I understand it's hard to make choices but please bear in mind where your life and mental state is heading. 

 
Posted : 18th July 2019 7:12 pm
(@denise)
Posts: 14
Topic starter
 

Can I ask if your relationship lasted through it all?

 
Posted : 18th July 2019 7:26 pm
Walliss77
(@walliss77)
Posts: 180
 

Hi,

Yes I'm pleased to say that we are still together and happy married. I believe we would be in a shop doorway homeless if I had continued gambling. I got to a point in life where I was so fed up of existing in a life of misery that I was willing to do anything to get well. I found CBT worked so well for me that I'm pleased to say that I now work as a psychotherapist/CBT counsellor helping others who are searching for something better .

 
Posted : 18th July 2019 7:37 pm
(@denise)
Posts: 14
Topic starter
 

Hi,

i am things worked out so positive and well for you. I have so many scenarios that I could talk forever. If he knew I was talking about our situation he would go mad. Our relationship started out with him being violent towards me. I managed to stop that by saying I would leave if it continued. It stopped. I stayed. I would say I have been through so much abused as a child I really wanted something to work out well. I said I would not give up on him, but I cannot keep condoning the gambling.

i sit thinking about how I once gave him money for my rent and he gambled it. I only found out when I got a letter from the council saying they were applying to the courts to evict me from my home. I had to call my dad abroad for help. When I went to court my partner did not accompany me.

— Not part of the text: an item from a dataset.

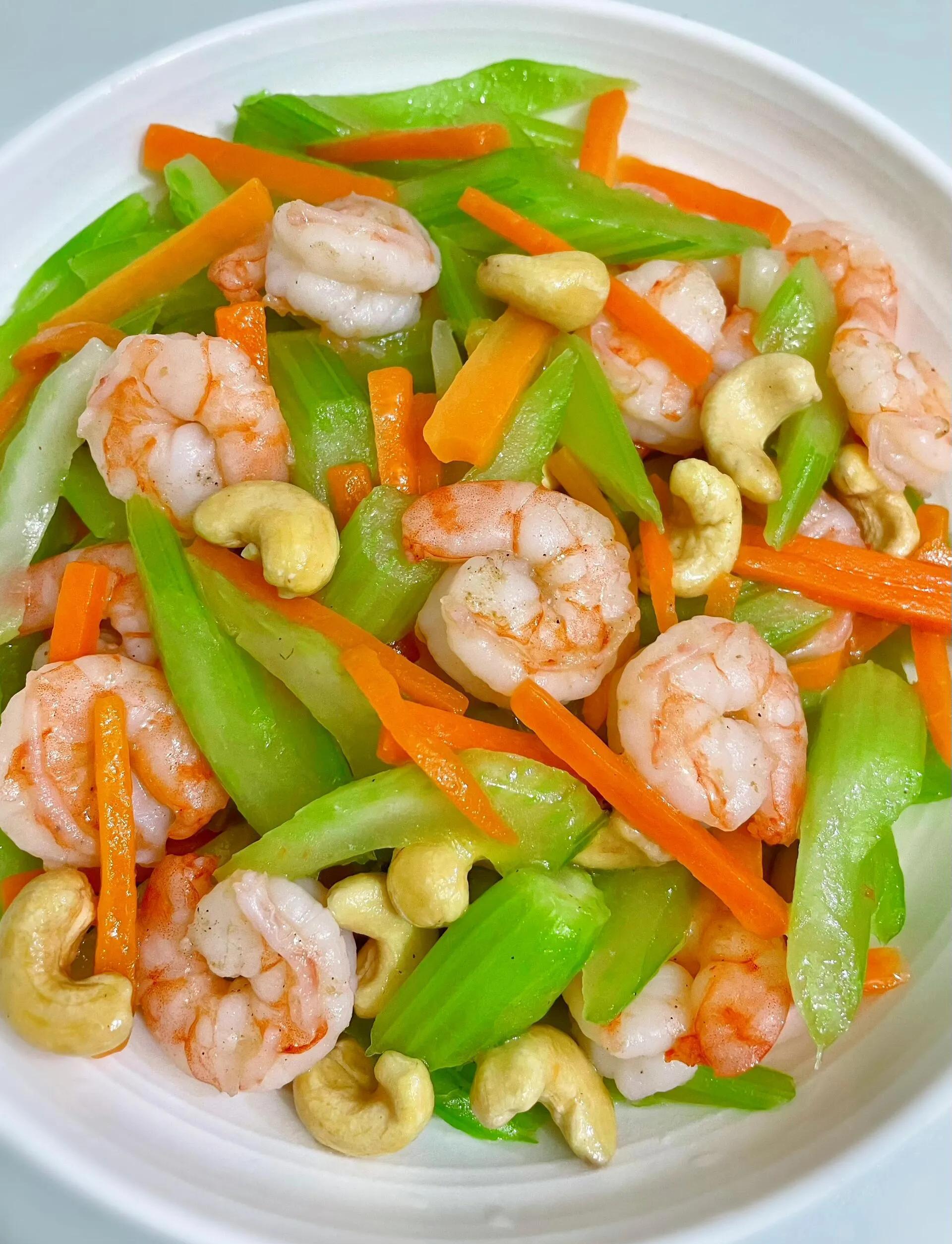 2。加热锅并冷却油,搅拌虾,直到它们改变颜色并食用。将芬芳的芹菜和胡萝卜炒在原始锅中,倒入虾和酱汁中,最后加入腰果并迅速炒。

so many things. I hope it ends okay because I don’t know anymore.

 
Posted : 18th July 2019 8:14 pm
Walliss77
(@walliss77)
Posts: 180
 

Hi

It's very easy for me to say what I would do from an unemotional outsider but I understand it's way more complex than that. I really have concerns about where your situation will end up by you continuing this traumatic situation. You mentioned that therapy worked for a while, why do you think it stopped being helpful to you? It's so detrimental to you being used and not being valued in your relationship and is going against everything you need with what you've already been through during your life. If you're able to engage in therapy I believe you have a much brighter future but i suspect change is only possible with you and not relying on your partner changing. 

 
Posted : 18th July 2019 8:35 pm
(@denise)
Posts: 14
Topic starter
 

I am getting really emotional. I really don’t want to continue going down the same road as we are heading now. I know I have to change. I need to put my foot down. His such a manipulative person. Counselling made me feel more positive but he says it made me worse. I always attended all my appointments but never once spoke about my relationship with him. This is something I need to do. He would always get upset and say I was discussing him, or want to attend appointments with me, but I thought they were my sessions a place for me to speak and vent my feelings....sometimes it feels as if he wants to control me and when he cannot get his way he gets really upset and starts shouting at me. I can’t deal with the shouting.